Actually, the cooling effect would be better seen POST blower. Think about it, why do we use inter coolers (or after coolers if you need to call them that) and not pre coolers? The higher the temperature differential the easier it is to absorb the energy. What this leads to is the reality that a bulk of the fuel in these carbed supercharged engines doesn't get atomized and provide it's cooling effect until down stream, post supercharger. Also, think about the SR20 example. We're talking about a 1600+hp setup without an intercooler. They're running over 2k HP now, though with an intercooler and the engineer lead on it said himself that was a choice based on his experience when it comes to consistency, not because it was necessary... He also talks about how it's directly related to the pressure ratios seen on these smaller displacement engines, and that bigger displacement engines have the luxury of runner further right and lower on the compressor map. Considering my target pressure ratios... I'll be fine. As for BOV, that's one thing Garrett didn't include in the new G25 I'm disappointed about. Borg Warner included a REALLY trick recirculation valve in their EFR turbos that I think everyone should copy. Provides immediate built-in recirculation right at the compressor wheel which makes it ultra responsive while also making plumbing easy and sleek. See here: They also attach a boost solenoid for you too, so there's even less plumbing to worry about there as well. Overall, the EFR was designed for clean installs, and I like what they did about it. By contrast, if I use the Garrett I'll definitely wait for the wastegated hot sides to be available (currently in short supply as production ramps up) and I'll need to bring my own boost control solenoid along with BO/RecirculationV. ...then there's also the chance that G25 dynos start coming out and are disappointing and don't live up to the hype... and then I'll just go EFR instead.
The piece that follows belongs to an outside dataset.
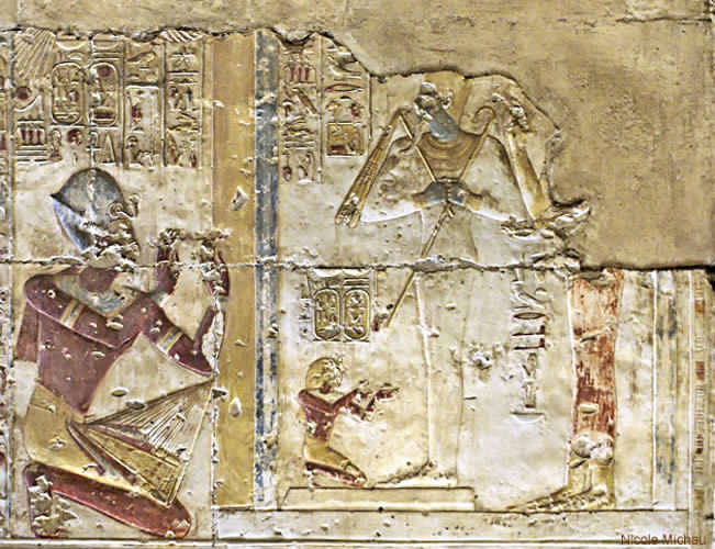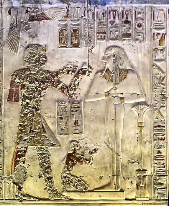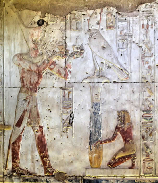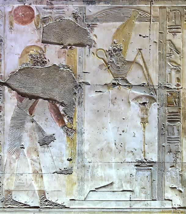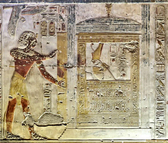 Offerta di vasi da vino (irp) chiamati nu a Irrenefdjesef, : iri-rn.f-Ds.f. ICONOGRAFIA: Si manifesta di regola come un falco o un uomo con la testa di falco (non in questo caso) Il suo nome significa “Colui che crea il proprio nome”, un epiteto che può essere interpretato come “Colui che ha creato se stesso”, conferendogli un carattere di creatore (demiurgo). Si trova nel pantheon egizio fin dal Nuovo Regno. Si trova nelle formule XVII e XCIX del Libro dei Morti, un testo che si riferisce a ciò che il defunto doveva recitare per ricondurre la barca a sé. Raramente rappresentato. Qui, nel tempio di Sethy ad Abydos, è in forma umana. Un’altra dea è citata nel testo innanzi alla fronte del sovrano, si tratta di Wadjet.

E85 or die bro! But really, MN47 and no cooler and I'm not even remotely phased. All my research on the topic in the last 5 years only confirms my feelings on the topic. There's plenty of big blocks running e85 with giant roots blowers pushing 14+psi and e85 on 12:1... I'm targeting 14-20psi range and lower compression. Should be fine. In fact, there's plenty of 6 second alcohol class drag cars (meth not eth) running without intercoolers... Now, the six second SR20 car is running an intercooler THIS season, but didn't last season... It's all in the tune. I might be giving up some power, and definitely giving up some fuel economy under boost (run richer to keep cooler since alcohol tolerates rich mixtures with much less power drop and spark fuss compared to gasoline) but the trade off is worth it in my opinion. Quicker boost, less plumbing, weight, and really it's about the response on the street. Should make transients much nicer.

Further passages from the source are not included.